La semana pasada, en ocasión del denominado Cyber Monday, el Campus Virtual difundió una promoción para obtener un descuento en la tasa de emisión de certificación, y esto desató las críticas K, en un documento difundido a través de las redes sociales.

El texto engloba la promoción en las supuestas “lógicas mercantilizadas y meritocráticas en la educación superior” que llevaría adelante la gestión Juri, y que consistiría en el cobro de dicha tasa de emisión de la certificación.

Sin embargo, es de conocimiento general en la UNC que las Facultades conducidas por Vamos organizan y gestionan propuestas formativas (presenciales y virtuales) en las que los estudiantes tienen que pagar para acceder a cursar, no sólo para obtener una certificación.

Por ejemplo, los sitios web de las Facultades de Artes y Ciencias Sociales promocionan la Diplomatura en Políticas Culturares para el Desarrollo Local, organizada conjuntamente. Acceder al cursado de la misma, aunque no se pretenda contar con la certificación, tuvo un costo de $12.200,00, según el sitio de Artes.

Además, también hubo una promoción “para captar ‘clientes’”, como critica el documento de Vamos. Quienes pagasen en una única cuota de pago, accederían a un descuento de casi el 10 por ciento, según la web de Artes.

La Facultad de Filosofía y Humanidad también ofrece en la web sus cursos de posgrado, tanto en el marco de sus carreras de posgrado como de manera independiente, y en todos los casos se accede a través del pago de un arancel.
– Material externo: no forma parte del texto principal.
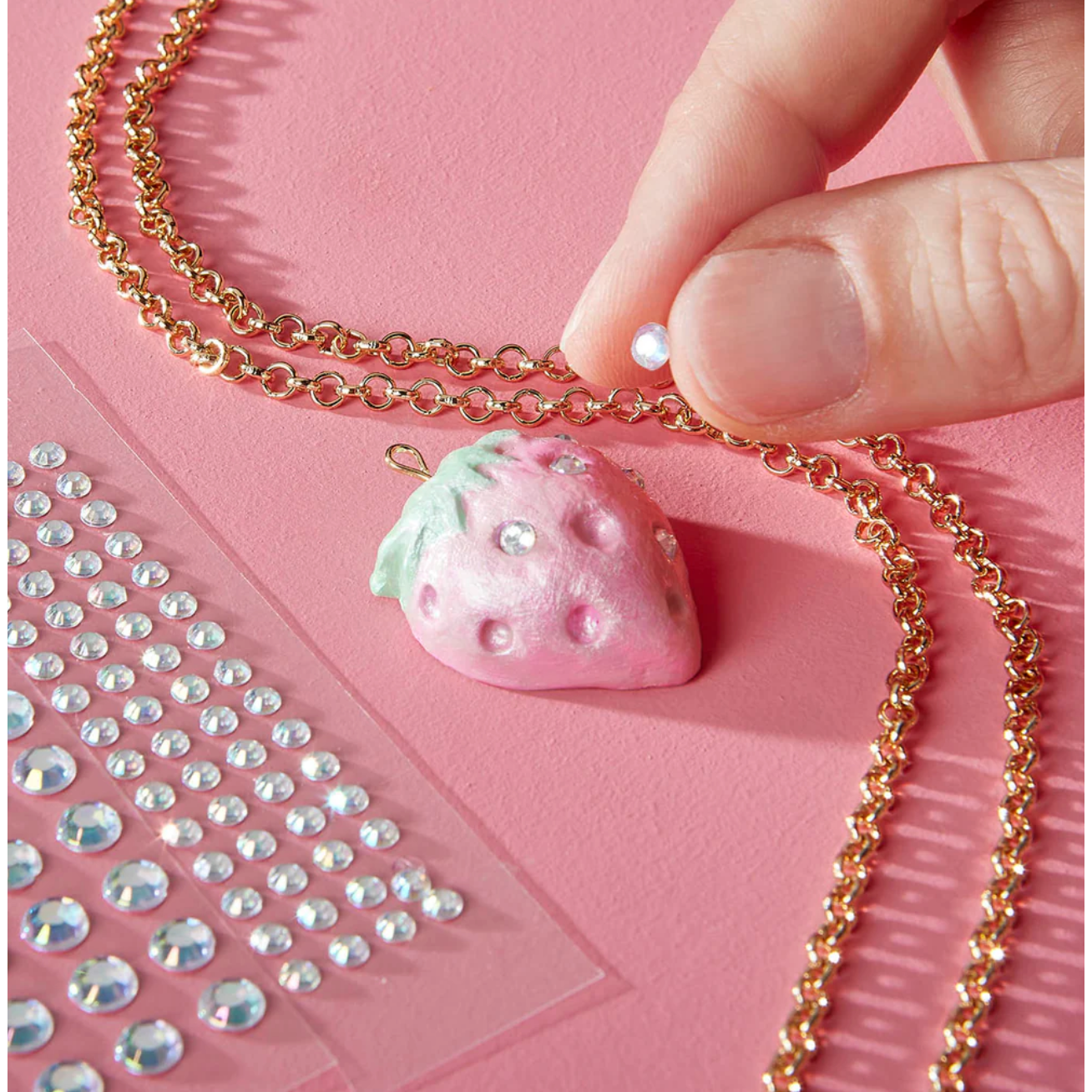 Create your own boutique-worthy jewelry with the Wish*Craft Clay Jewelry Kit! Sculpt and paint air-dry clay charms, then decorate them with real crystals, metal charms, and pearlized paints. Finish with a shiny glaze for durability and attach your designs to gold chains, bracelets, or earrings. Everything you need for endless creativity is included—just mold, paint, and wear!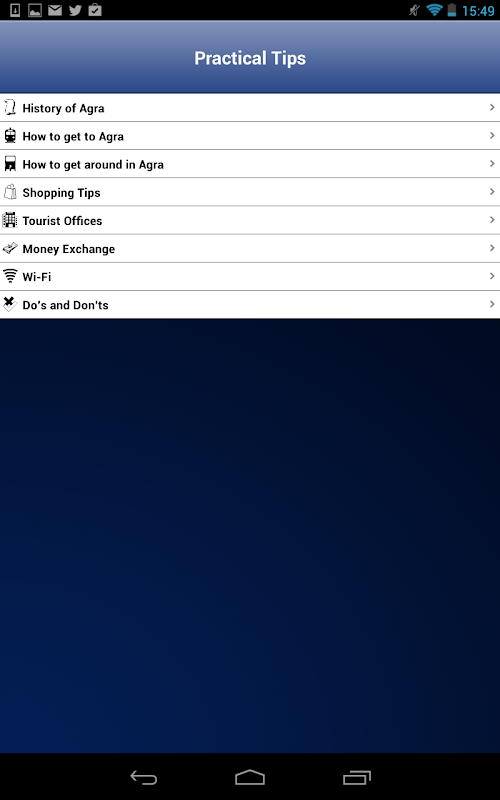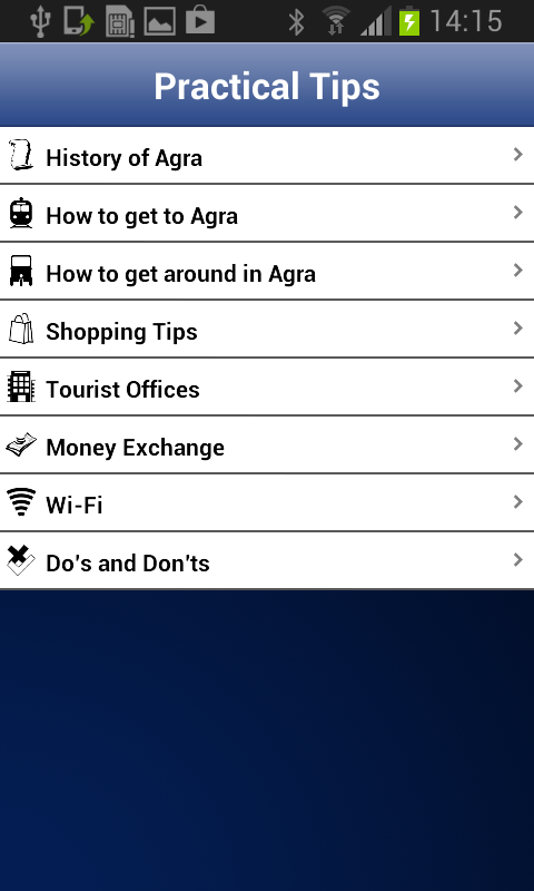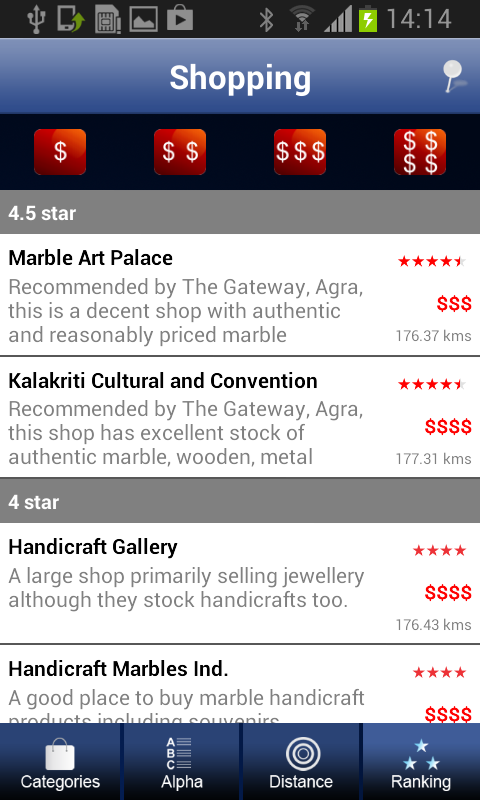 All the sights and shops worth visiting at Agra are listed with a rank, review, photos and practical information like opening times, ticket prices, website address, prohibited articles etc. The app uses GPS to give you the distance of sights from your current location, helping you navigate to the ones closest to you on the offline map.

Por ejemplo, para acceder al reciente seminario “Culturas Juveniles: sujetos e identidades”, se debía pagar $2.000,00 pesos.

El documento de Vamos solo critica la tasa del Campus Virtual, y no los cursos y diplomaturas arancelados de las Facultades que conduce el kirchnerismo. Su lectura parece proponer una curiosa regla: el color partidario de la organización del curso es lo que determina si el mismo constituye una “lógica mercantilista”, y no así el cobro de un arancel.